▶ What the task asks
Copy exactly the lines of the records below, and only those lines, beginning with the line that contains "정부지원금은 추가 적립" and ending with the line that contains "6月25日下午,理学与信息科".
[Input for this task — start]
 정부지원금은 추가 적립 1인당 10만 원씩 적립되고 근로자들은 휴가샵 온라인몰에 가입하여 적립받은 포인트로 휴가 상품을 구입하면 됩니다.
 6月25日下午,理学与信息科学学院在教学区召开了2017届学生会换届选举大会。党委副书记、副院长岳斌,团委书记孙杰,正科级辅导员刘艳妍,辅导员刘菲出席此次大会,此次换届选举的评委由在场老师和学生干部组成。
[Input for this task — finish]
[Input for this task — start]
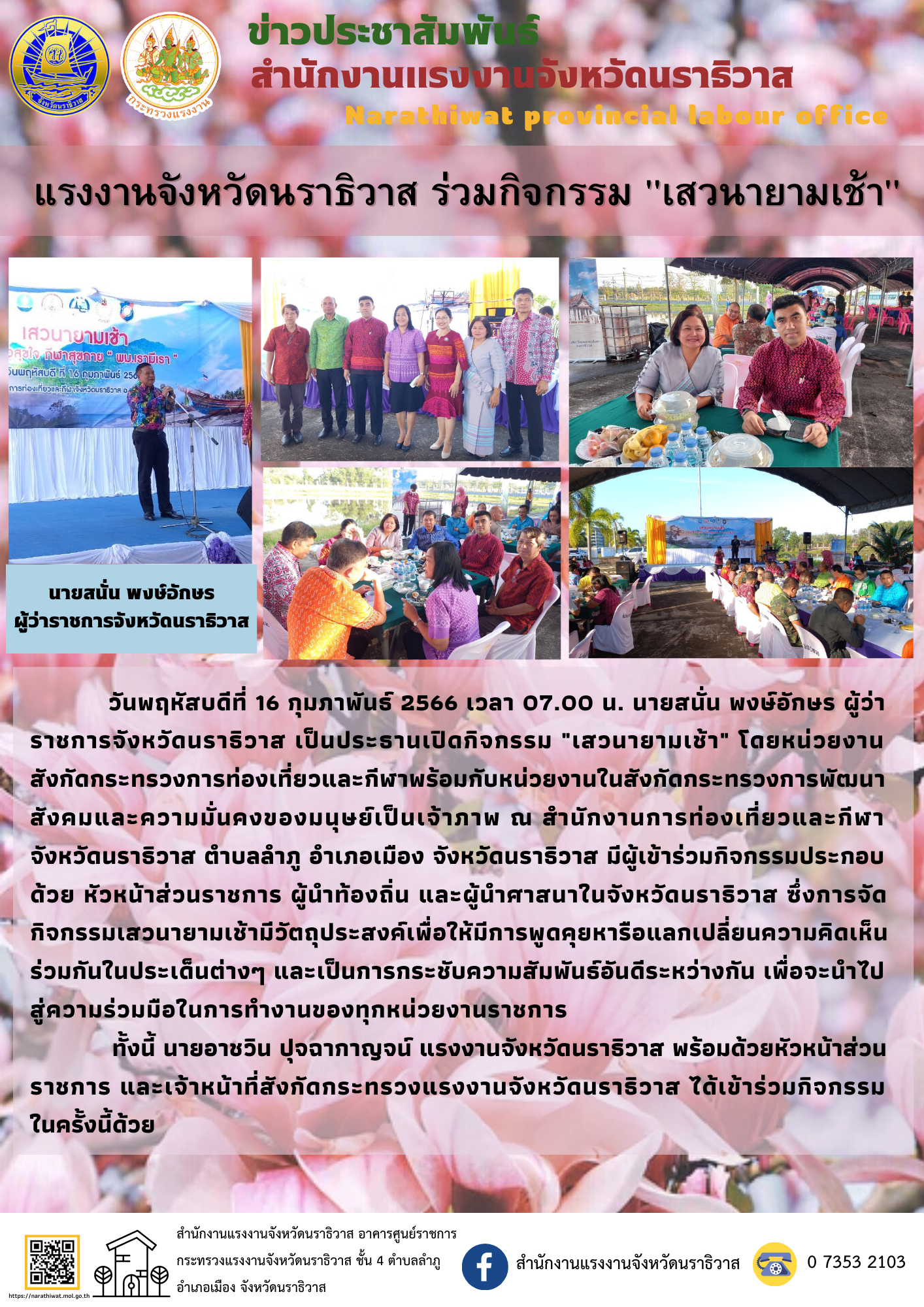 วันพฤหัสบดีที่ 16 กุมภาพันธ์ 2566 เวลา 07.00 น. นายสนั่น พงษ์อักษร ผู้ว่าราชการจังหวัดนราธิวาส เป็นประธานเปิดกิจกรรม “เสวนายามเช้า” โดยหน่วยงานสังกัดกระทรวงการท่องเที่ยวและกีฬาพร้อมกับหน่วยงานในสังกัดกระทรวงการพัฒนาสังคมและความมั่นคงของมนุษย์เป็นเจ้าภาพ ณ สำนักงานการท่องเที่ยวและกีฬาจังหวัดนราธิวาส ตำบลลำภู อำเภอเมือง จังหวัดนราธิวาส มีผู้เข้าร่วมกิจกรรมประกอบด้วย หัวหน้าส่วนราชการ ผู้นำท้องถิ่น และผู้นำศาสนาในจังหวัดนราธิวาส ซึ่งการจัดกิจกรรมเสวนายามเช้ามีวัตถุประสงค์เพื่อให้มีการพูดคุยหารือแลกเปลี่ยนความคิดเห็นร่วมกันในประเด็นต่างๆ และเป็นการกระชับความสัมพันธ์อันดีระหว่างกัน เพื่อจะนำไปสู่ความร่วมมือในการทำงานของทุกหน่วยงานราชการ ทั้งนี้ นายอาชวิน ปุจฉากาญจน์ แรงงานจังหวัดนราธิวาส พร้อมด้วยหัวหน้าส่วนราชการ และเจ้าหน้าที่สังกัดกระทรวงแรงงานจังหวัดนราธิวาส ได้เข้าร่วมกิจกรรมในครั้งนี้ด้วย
[Input for this task — finish]
▶ Task solution
 정부지원금은 추가 적립 1인당 10만 원씩 적립되고 근로자들은 휴가샵 온라인몰에 가입하여 적립받은 포인트로 휴가 상품을 구입하면 됩니다.
 6月25日下午,理学与信息科学学院在教学区召开了2017届学生会换届选举大会。党委副书记、副院长岳斌,团委书记孙杰,正科级辅导员刘艳妍,辅导员刘菲出席此次大会,此次换届选举的评委由在场老师和学生干部组成。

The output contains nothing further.